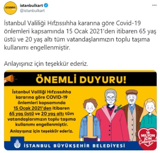 "İstanbul Valiliği Hıfzıssıhha kararına göre Covid-19 önlemleri kapsamında 15 Ocak 2021'den itibaren 65 yaş üstü ve 20 yaş altı tüm vatandaşlarımızın toplu taşıma kullanımı engellenmiştir."
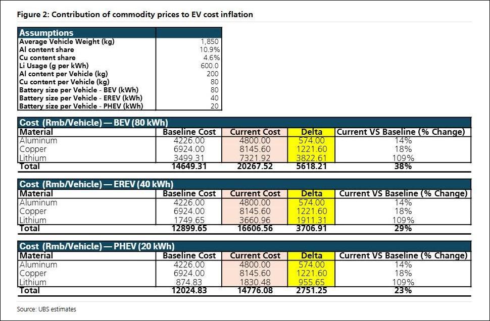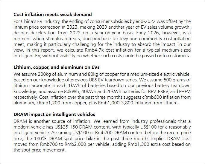1月26日,瑞银(UBS)发布题为《中国汽车行业:测算金属与DRAM价格上涨对电动汽车的成本冲击》的研究报告,报告测算一台典型中型智能电动汽车的制造成本将在短期内激增4000至7000元人民币。
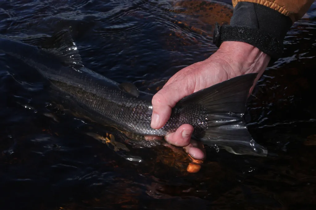 Releasing an Irish salmon
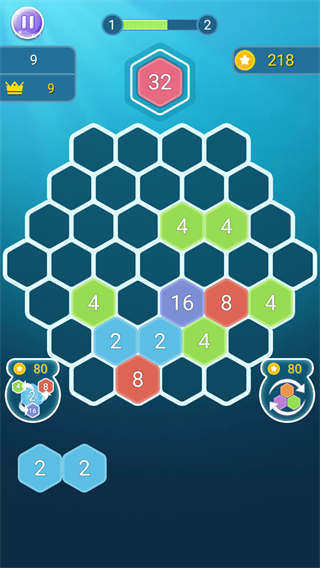 2、六边形消除:玩法比经典数独更自由,支持横向、左斜向、右斜向的连线消除;当备选方块无法放入棋盘时游戏结束。
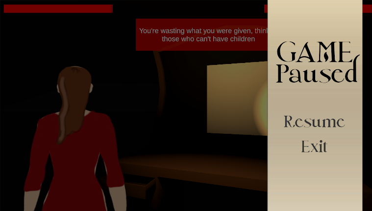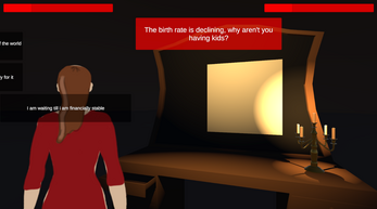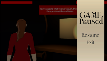 The player plays as a female character imagining themselves in their head. In their head, they are looking at a mirror and they see a monster created out of guilt and stigma because of their choice to be childfree and in their 30s. To fight back against this monstrous personification of their guilt and stigma, they must say the right things to counter the monsters remarks and avoid letting these get to them and lower their mental health.
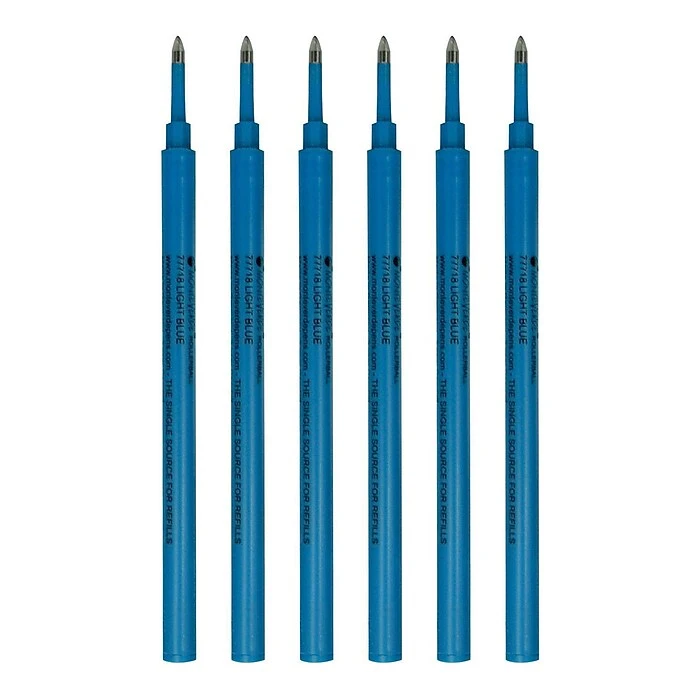 Monteverde® Ceramic rolleball blue refill to fit most roller ball pens has fine tip of stainless steel with ceramic ball which offers non-dry technology with cap off till one year enhancing joy of writing, sold as 6 per pack.

_YOUR ASSIGNMENT:_ Repeat only the lines between the start of the data and the line with "Releasing an Irish salmon", including those two lines, and skip the pictures.

_REPLY:_
 "İstanbul Valiliği Hıfzıssıhha kararına göre Covid-19 önlemleri kapsamında 15 Ocak 2021'den itibaren 65 yaş üstü ve 20 yaş altı tüm vatandaşlarımızın toplu taşıma kullanımı engellenmiştir."
1月26日,瑞银(UBS)发布题为《中国汽车行业:测算金属与DRAM价格上涨对电动汽车的成本冲击》的研究报告,报告测算一台典型中型智能电动汽车的制造成本将在短期内激增4000至7000元人民币。
 Releasing an Irish salmon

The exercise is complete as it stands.